----- Supplied material

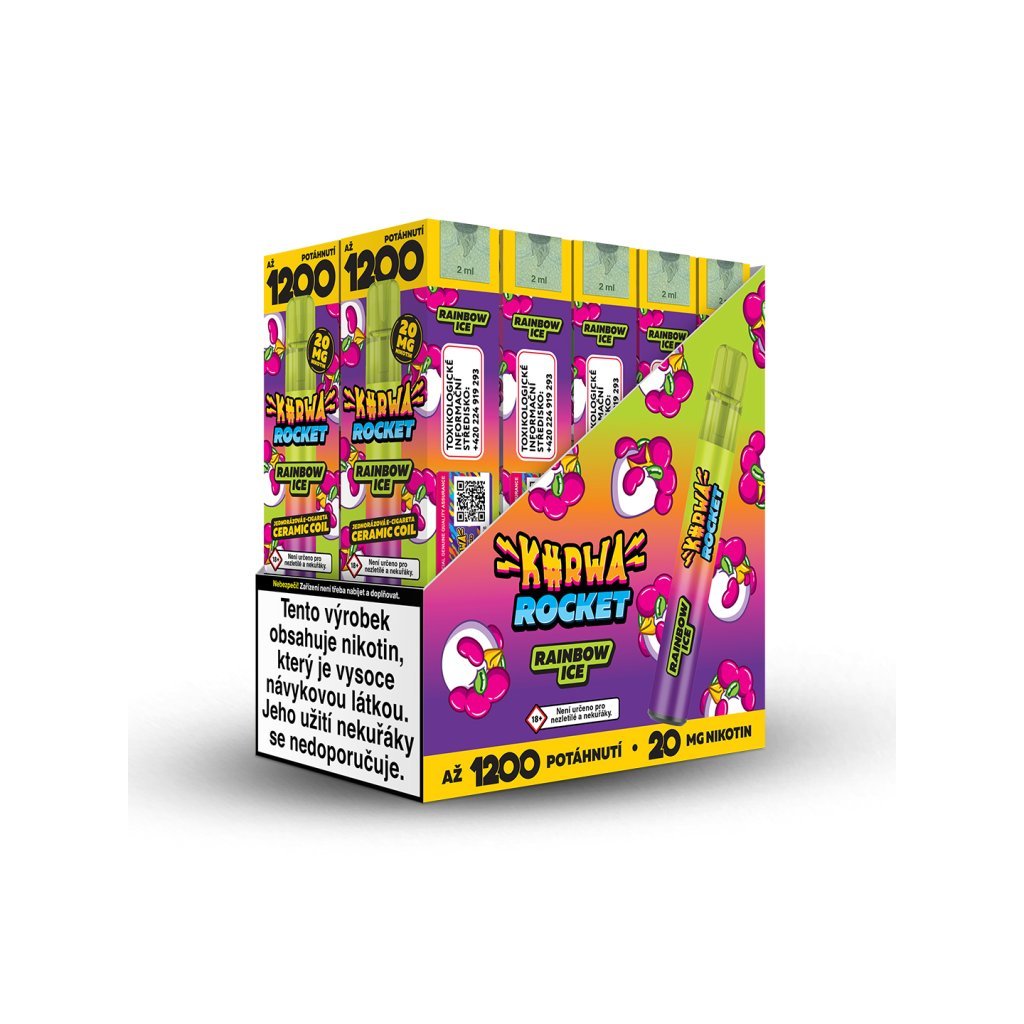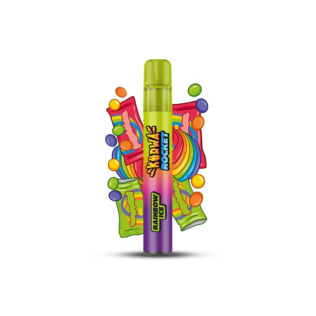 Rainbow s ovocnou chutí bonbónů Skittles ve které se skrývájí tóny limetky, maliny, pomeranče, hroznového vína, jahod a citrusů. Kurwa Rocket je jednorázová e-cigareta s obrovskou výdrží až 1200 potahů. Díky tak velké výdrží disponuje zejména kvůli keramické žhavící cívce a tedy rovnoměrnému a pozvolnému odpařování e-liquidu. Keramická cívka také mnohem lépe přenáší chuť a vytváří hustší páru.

----------
----- Supplied material

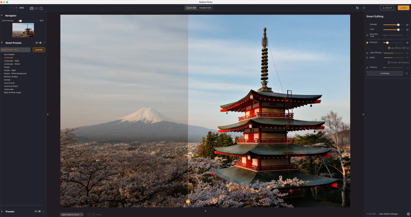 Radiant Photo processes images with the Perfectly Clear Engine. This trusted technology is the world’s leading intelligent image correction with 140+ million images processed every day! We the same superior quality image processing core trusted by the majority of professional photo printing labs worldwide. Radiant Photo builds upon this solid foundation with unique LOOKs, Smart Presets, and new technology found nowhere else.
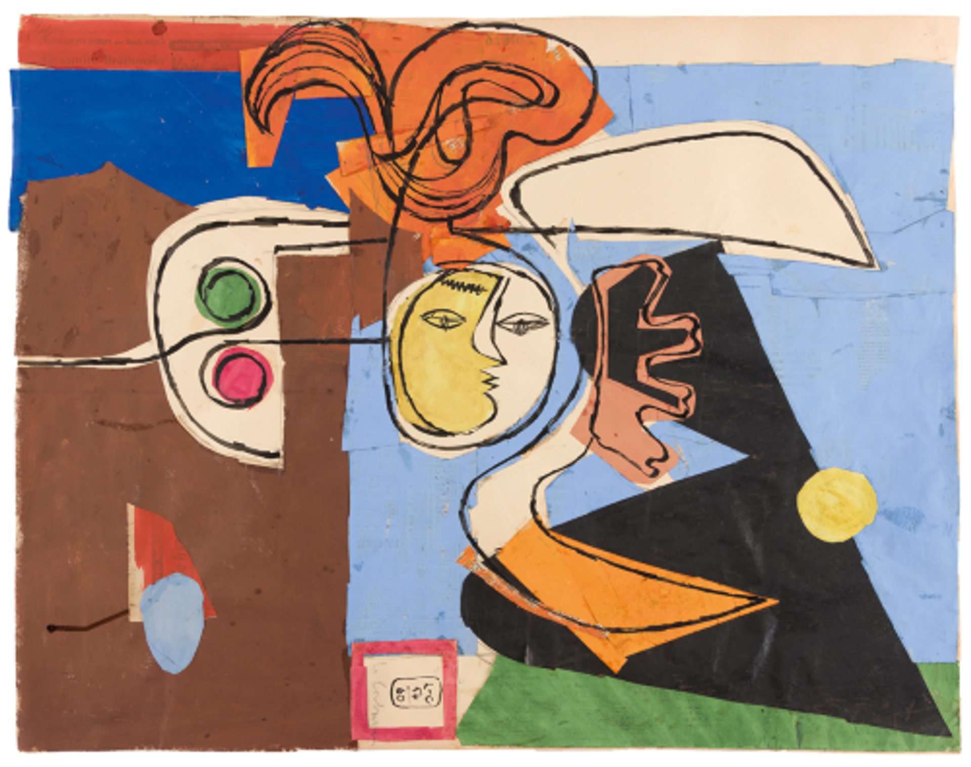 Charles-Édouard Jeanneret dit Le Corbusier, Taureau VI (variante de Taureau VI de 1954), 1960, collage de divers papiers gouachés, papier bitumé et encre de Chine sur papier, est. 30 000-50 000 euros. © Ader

----------
----- Supplied material

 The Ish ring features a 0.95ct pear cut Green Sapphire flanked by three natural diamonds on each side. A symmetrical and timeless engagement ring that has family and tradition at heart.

----------

Copy the lines above exactly, starting with the line that contains "Radiant Photo processes" and ending with the line that contains "Charles-Édouard Jeanneret dit", and leave out any pictures.

 Radiant Photo processes images with the Perfectly Clear Engine. This trusted technology is the world’s leading intelligent image correction with 140+ million images processed every day! We the same superior quality image processing core trusted by the majority of professional photo printing labs worldwide. Radiant Photo builds upon this solid foundation with unique LOOKs, Smart Presets, and new technology found nowhere else.
 Charles-Édouard Jeanneret dit Le Corbusier, Taureau VI (variante de Taureau VI de 1954), 1960, collage de divers papiers gouachés, papier bitumé et encre de Chine sur papier, est. 30 000-50 000 euros. © Ader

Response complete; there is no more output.